4.2. Discussion of research question 2

There was a significant effect of balance of exposure within contexts on first-order false belief reasoning in NT children, whereas this effect was not shown in autistic children. No effect was detected on other ToM subdomains, nor was the balance of exposure across contexts investigated.

In NT children, a more balanced exposure within contexts predicted first-order false belief understanding: This is consistent with the hypothesis suggesting that the more balanced the exposure children have to different languages within contexts, the more they constantly monitor ongoing communications in different languages, thereby improving their ToM abilities (Diaz et al., Reference Diaz, Borjas and Farrar2021; Yow & Li, Reference Yow and Li2024). This effect was, however, only shown for the extent of balance of exposure to languages within contexts but not across contexts. As hypothesized earlier, the understanding that other individuals may have different perspectives may become more apparent when children have the possibility to make this experience not only at the “borders” of contexts (that is when switching from home to school, or from school into the community), but within the same contexts: Only the constant monitoring imposed by greater balance of exposure to languages within contexts would thus allow to trigger a bilingual effect on first-order false belief understanding.

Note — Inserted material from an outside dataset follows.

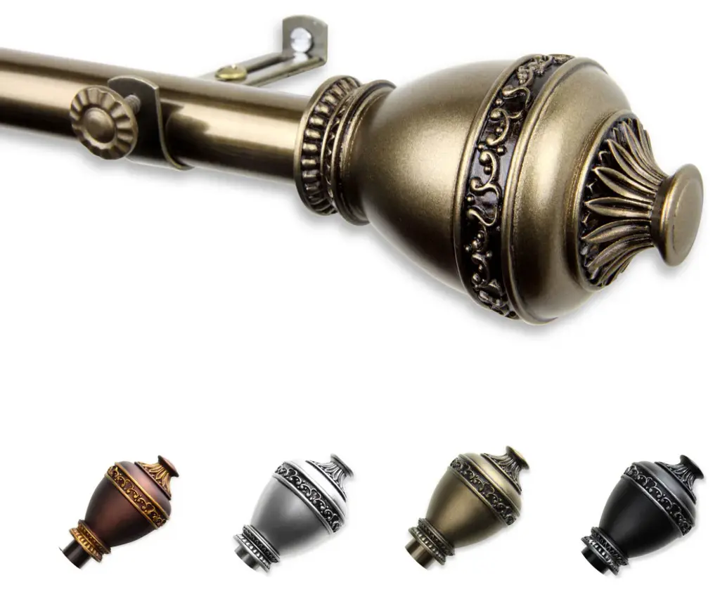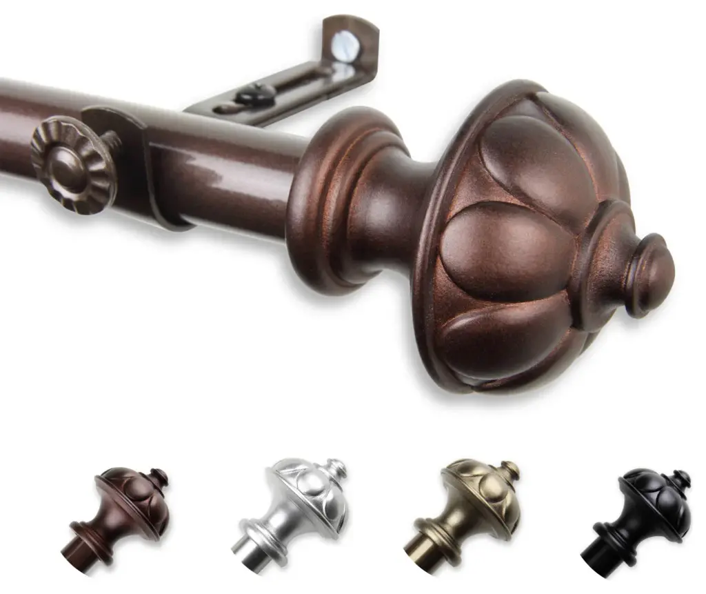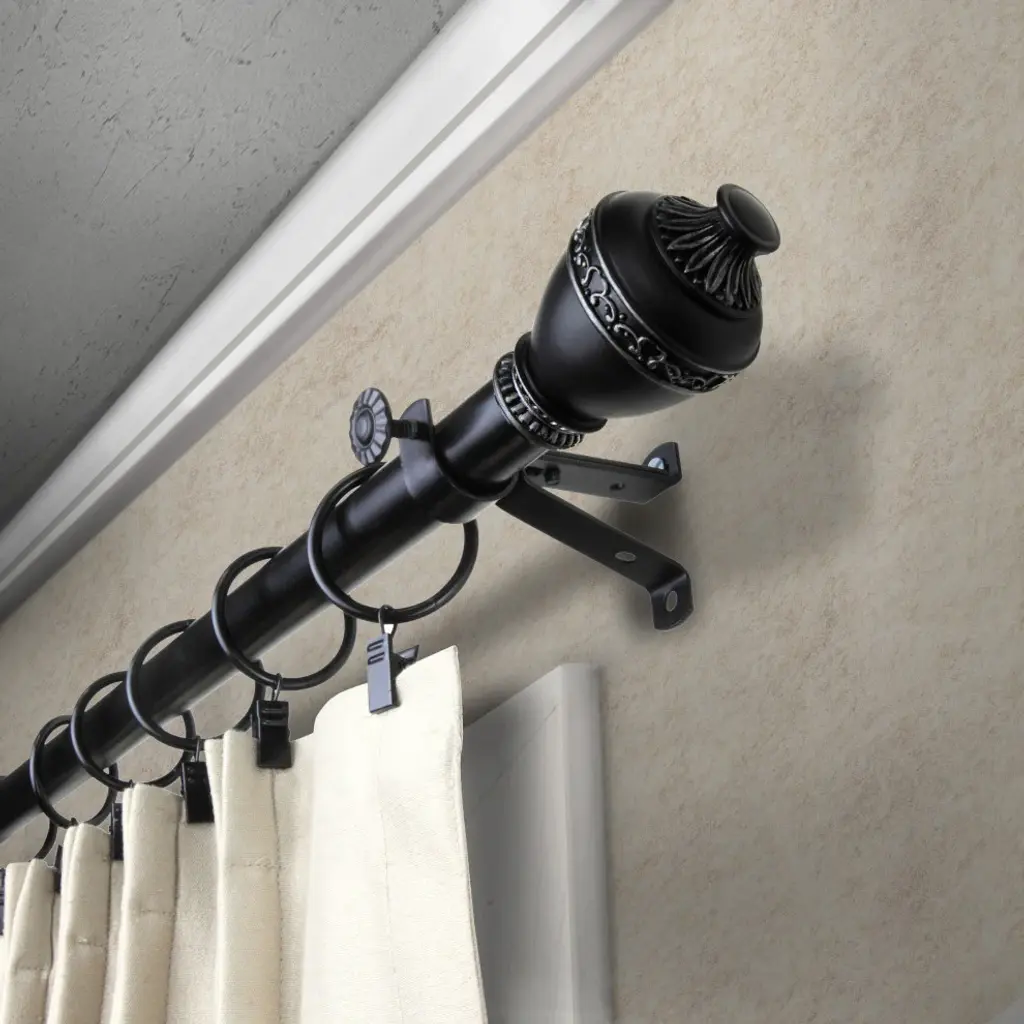 Introduce an elegant touch to your window treatment with this beautiful 13/16" diameter curtain rod set, made of high quality steel rods. Includes telescoping steel pole, mounting hardware, brackets, and 2 finials Projection: 2.875" Finial measurement: 3.25" W x 2.25" H x 2.25" D

The differential effects of balance of exposure within contexts observed across the ToM subtasks warrant further exploration. While balance of exposure within contexts significantly predicted better first-order false belief understanding (Block 2), this effect was not observed for diverse desires understanding (Block 1) nor second-order false belief understanding (Block 3). All blocks were shown to be reliable in a validation study with children between 4 and 10 years old (Baumeister et al., Reference Baumeister, Wolfer, Sahbaz, Rudelli, Capallera, Daum, Samson, Corrigan, Naigles and Durrleman2024). Nevertheless, for Block 1, performance was near ceiling for most participants in the current study, suggesting that the task may have been too easy for the tested age range, thereby limiting its sensitivity to detect subtle differences related to language exposure. Conversely, the second-order false belief task in Block 3, which assesses a more advanced ToM ability, may not reveal advantages from multilingual exposure in this age group. It is also possible that Block 3 was generally too difficult for all children, regardless of bilingualism experience, as evidenced by the lack of difference between NT and ASD groups in this task – despite NT children typically outperforming ASD children on ToM tasks, as observed in Blocks 1 and 2 of the present study. Developmentally, second-order false beliefs emerge later than first-order false beliefs, and other factors, such as general cognitive development, may play a more prominent role at this stage (Carlson & Moses, Reference Moses2001). The first-order false belief tasks, by contrast, may strike a balance between task difficulty and developmental appropriateness, making it more sensitive to individual differences in language exposure.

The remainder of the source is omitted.